Skip to main content

Administrating MarkLogic Server

Statistical Assignment Policy

The statistical policy does not map a URI to a forest. Instead, each forest keeps track of how many documents it has and broadcasts that information to the other forests through heartbeats. The rebalancer then moves documents from the forests that have the most documents to the forests that have the least number of documents. When a new forest is added, the statistical policy moves the least number of documents to get to a balanced state. All forests don't have to have the exact same amount of documents for a database to be considered “balanced.”

For example, as shown in the figure below, a new forest, ForestD, is added to the database that already has three forests: ForestA, ForestB, and ForestC, each contains 400 documents. Each of the existing forests move 100 documents to the new forest, ForestD.
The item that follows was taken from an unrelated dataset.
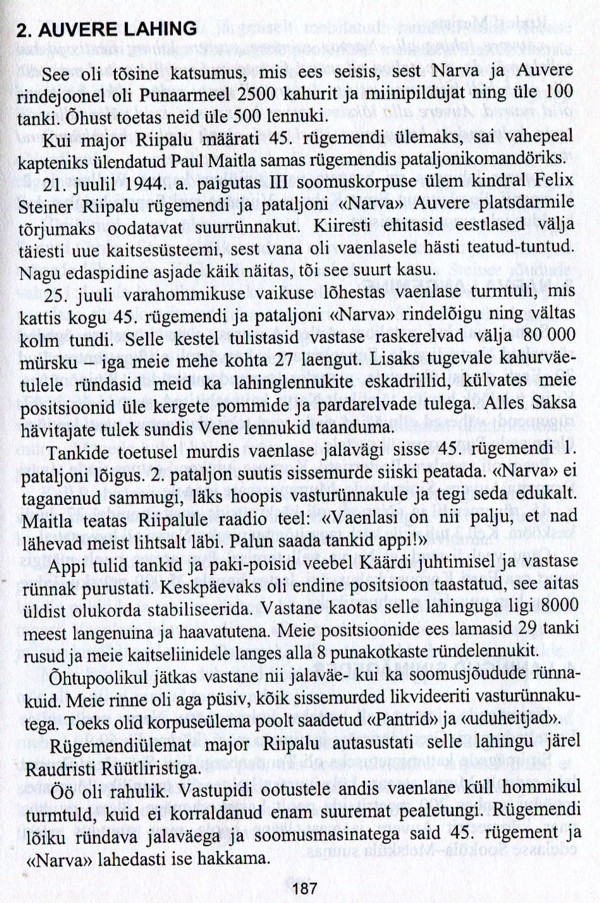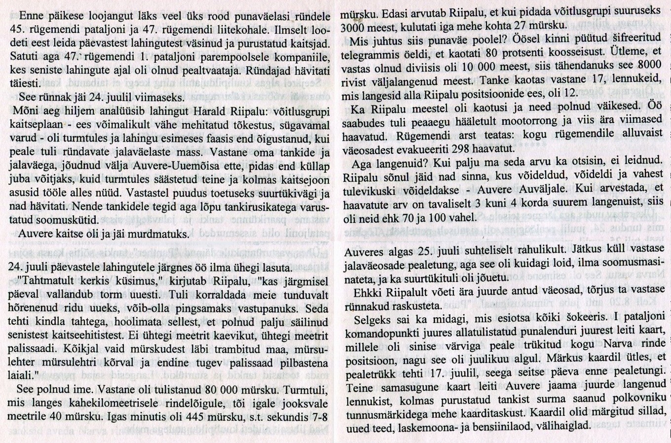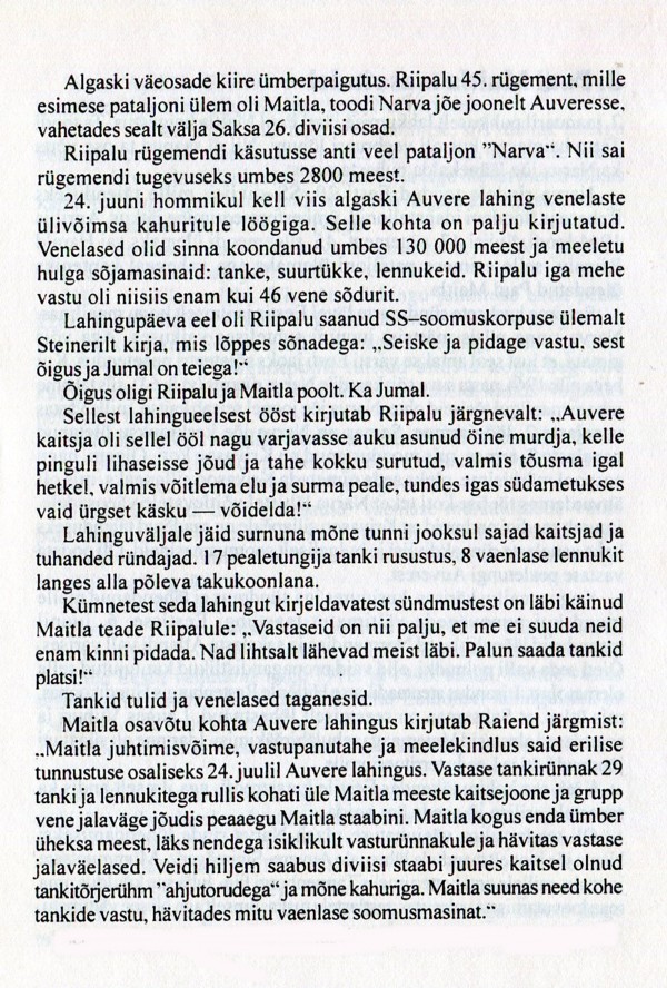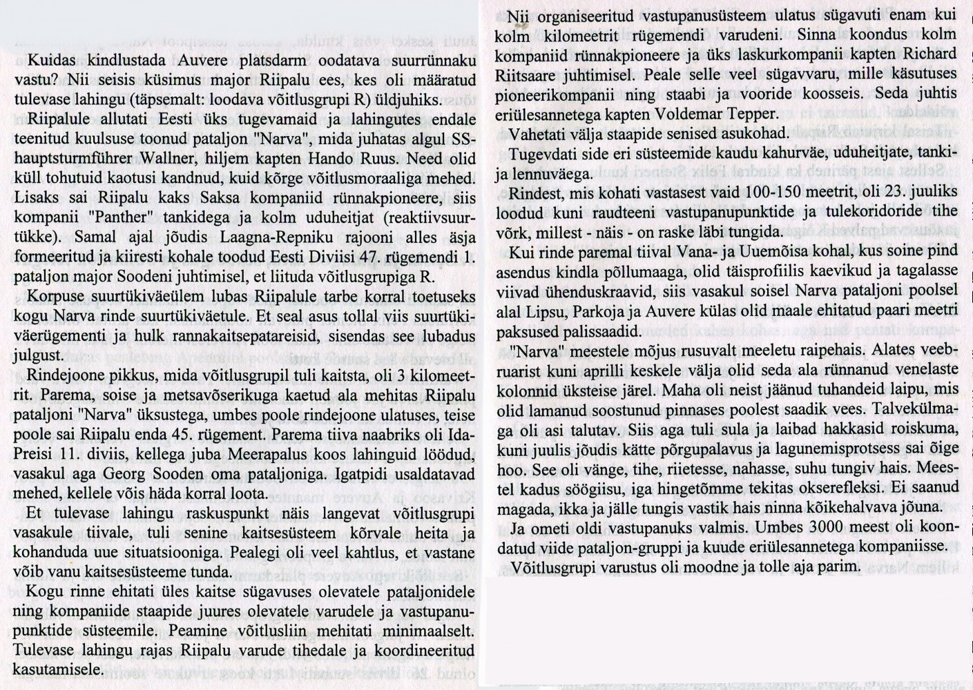 Mäletan, et sel ööl ma uinuda ei saanud - olukord oli liiga ärev. Mõtlesin meie kompanii poistele: “Kas nad suudavad vastu pidada?” Vastase poolel oli suur ülekaal nii elavjõu kui ka tankide osas. Kui major Riipalule alluvates üksustes oli umbes 2000, kõige rohkem 2500 meest, siis vastane võis meid rünnata mitme diviisiga. Oli ju Punaarmee rünnaku eesmärgiks Auvere juures rindest läbi murda, jõuda mereni Mummasaares ja armeegrupp “Narva” kotti võtta.

Figure showing a new forest, ForestD, added to the database that already has three forests: ForestA, ForestB, and ForestC, each contains 400 documents. Each of the existing forests move 100 documents to the new forest, ForestD.

Note

The number of documents in above example is used for the purposes of illustrating the behavior of the rebalancer when the statistical policy is set. In practice, it is inefficient to move such a small number of documents between forests. Typically, you will not see any significant rebalancing of documents between forests until the number of documents in the database exceeds 100,000.

If your database is balanced (the document count on each forest is roughly the same), setting the assignment policy to statistical will not trigger major data movement and any new inserts from then on will be automatically balanced across the forests.